> _Data segment_:
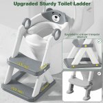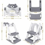 Reductor de toaleta pentru copii Little Mom Gray Teddy Bear, colac din PVC, design pliabil, robust si stabil, ajustabil pe 6 nivele de inaltime, manere ergonomice, design anti-stropire, dimensiune 38 x 34 x 59 cm
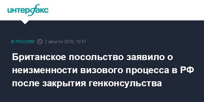"Несмотря на решение российского правительства о закрытии генконсульства Великобритании в Санкт-Петербурге, мы хотим официально подтвердить, что процесс подачи и оформления виз для граждан России на данный момент остается неизменным", - говорится в сообщении дипмиссии, размещенном в четверг в твиттере.
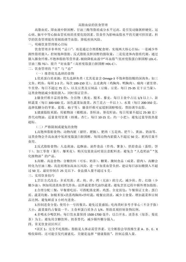 高脂血症的饮食管理
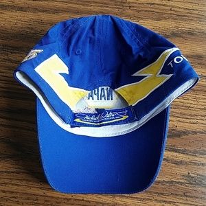 NAPA Racing Michael Waltrip Toyota #55 Hat in good pre-owned condition. Embroidered detail on the front, brim, sides and the back. Velcro closure. Minor fuzz/lint from storage. A little dirty on the inside along the white.

> _Problem description_: Omitting all pictures, set the listing down exactly.

> _Output below_:
 Reductor de toaleta pentru copii Little Mom Gray Teddy Bear, colac din PVC, design pliabil, robust si stabil, ajustabil pe 6 nivele de inaltime, manere ergonomice, design anti-stropire, dimensiune 38 x 34 x 59 cm
"Несмотря на решение российского правительства о закрытии генконсульства Великобритании в Санкт-Петербурге, мы хотим официально подтвердить, что процесс подачи и оформления виз для граждан России на данный момент остается неизменным", - говорится в сообщении дипмиссии, размещенном в четверг в твиттере.
 高脂血症的饮食管理
 NAPA Racing Michael Waltrip Toyota #55 Hat in good pre-owned condition. Embroidered detail on the front, brim, sides and the back. Velcro closure. Minor fuzz/lint from storage. A little dirty on the inside along the white.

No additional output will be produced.